When Grant returned to Miami after graduating from UD, he played briefly for the Miami Tropics of the old United States Basketball League and then showed up at Rodriguez’s office one day.

He wanted his old coach to line him up with Bob Kaufman, the former Stingarees’ assistant who had coached Shakey in high school and given him the nickname that replaced his first name (Marcos) because he was a hyperkinetic player who couldn’t stand still.

Kaufman had become the head coach at nearby Killian High and had talked to Grant about joining his staff.

“I remember looking at him like he was nuts and saying, ‘What? You want to coach? I thought you were going into business or something?’” Rodriguez said.

“He said, no, he wanted to try coaching and I said, ‘Well, then this is where you need to be!’

“We walked to the principal’s office and I went in for five minutes and when I came out, Anthony went in and they hired him to teach math and help coach.”

Rodriguez started to laugh: “And Kaufman didn’t talk to me for a year.”

As a young coach Grant was overly conscientious Rodriguez said with a chuckle:

“I remember I sent him out to scout once – I just wanted to get some of the tendencies of the guys we were playing next – and he came back with three pages of notes. He was up at the board writing all of that down and finally I had to say, ‘Ant, Ant..,we don’t need all that.’

“’We’re gonna beat the (crap) out of these guys anyways.’

“He was young and really a detailist. He was just very meticulous.”

Rodriguez said Grant grew into a tremendous coach, something evidenced by his rise a from Miami High assistant to head coach at Miami Central High and then assistant jobs at Stetson, Marshall and Florida before becoming the head coach at VCU and then Alabama. Before UD, he was Billy Donovan’s assistant with the NBA’s Oklahoma City Thunder.

But the other day, when Grant talked about destiny in his return to Miami High, he wasn’t referring to basketball.

Before he moved away from Brownsville as a seventh grader, Grant had lived two doors down from the grandmother of a girl a couple of years younger than him.

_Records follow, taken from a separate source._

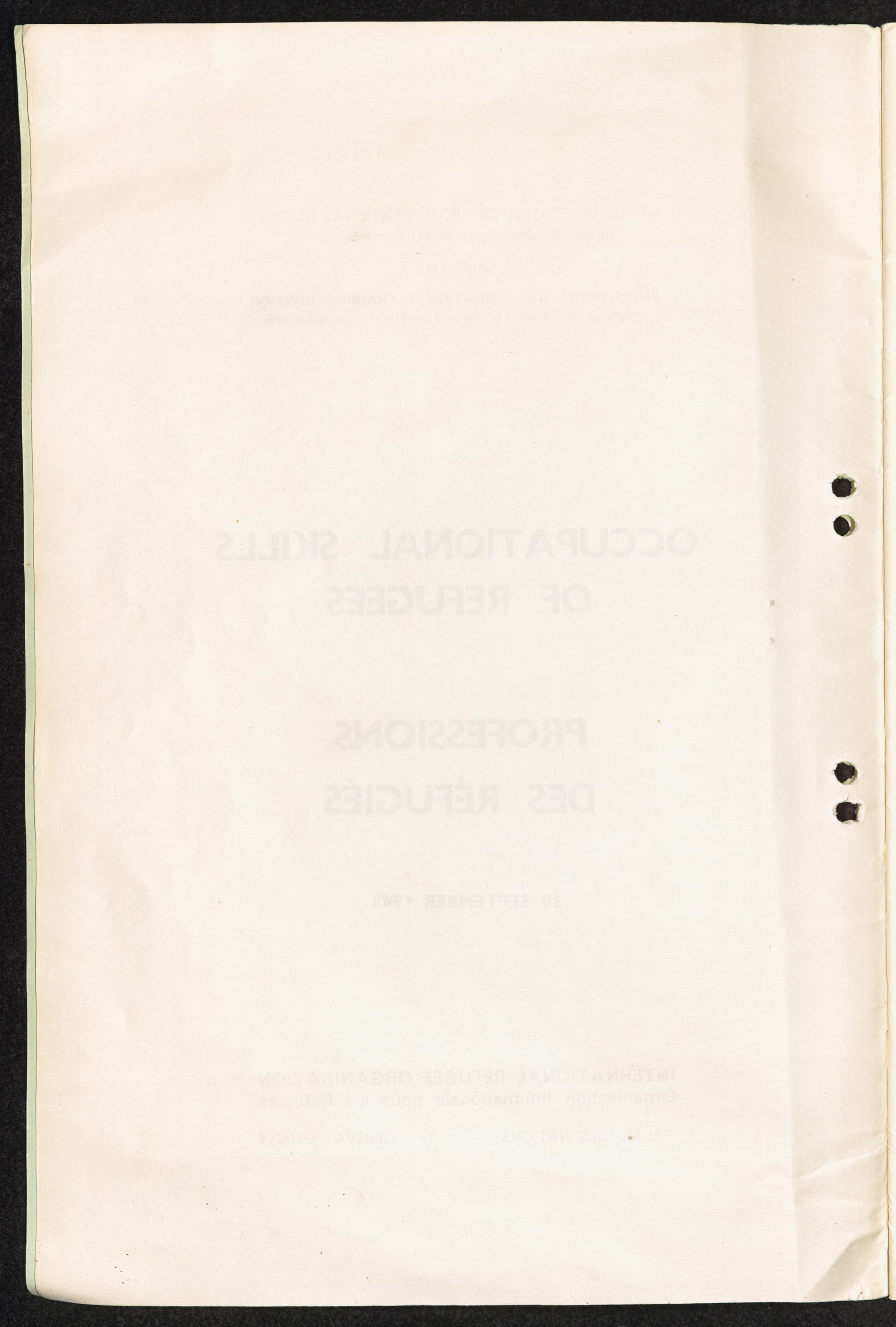 Occupational skills of refugees / Profession des réfugiés / International Refugee Organization
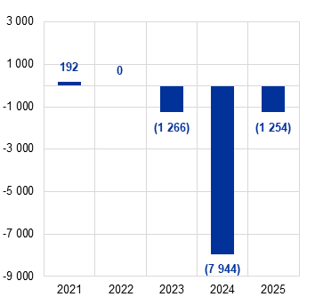 Strata ECB za rok 2025 predstavovala 1 254 mil. €, v porovnaní so stratou 7 944 mil. € za rok 2024. Na základe rozhodnutia Rady guvernérov sa táto strata v súvahe ECB prenesie do ďalšieho obdobia a bude vyrovnaná z budúcich ziskov.
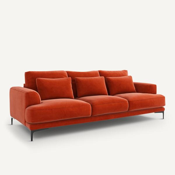 Le canapé Marsile est l’alliance parfaite d’une architecture aux proportions harmonieuses et de matériaux de grandes qualité.Détaché du sol par de fins pieds en métal verni, le canapé Marsile se distingue ses coussins d'assise marteaux et par l’opulence de ses coussins généreux et moelleux, pour créer un univers propice à la quiétude.

Her name was Christina Harrell.

He knew who she was, but after he moved they went their own ways for a dozen years or so.

When he started working at Miami High he said he went to a talent show in the city one night and one of the acts featured three young women singing.

He said his friend asked him: “’You remember that one girl? That’s Chris.’”

He reacquainted himself wither her that night, they began to date and eventually they married.

Today they have four kids and she sits a few rows behind the Flyers bench at home games in UD Arena.

“It was meant to be,” Grant said with a smile. “Some things are just meant to be.”

And Shakey Rodriguez says the same thing about him when it comes to coaching.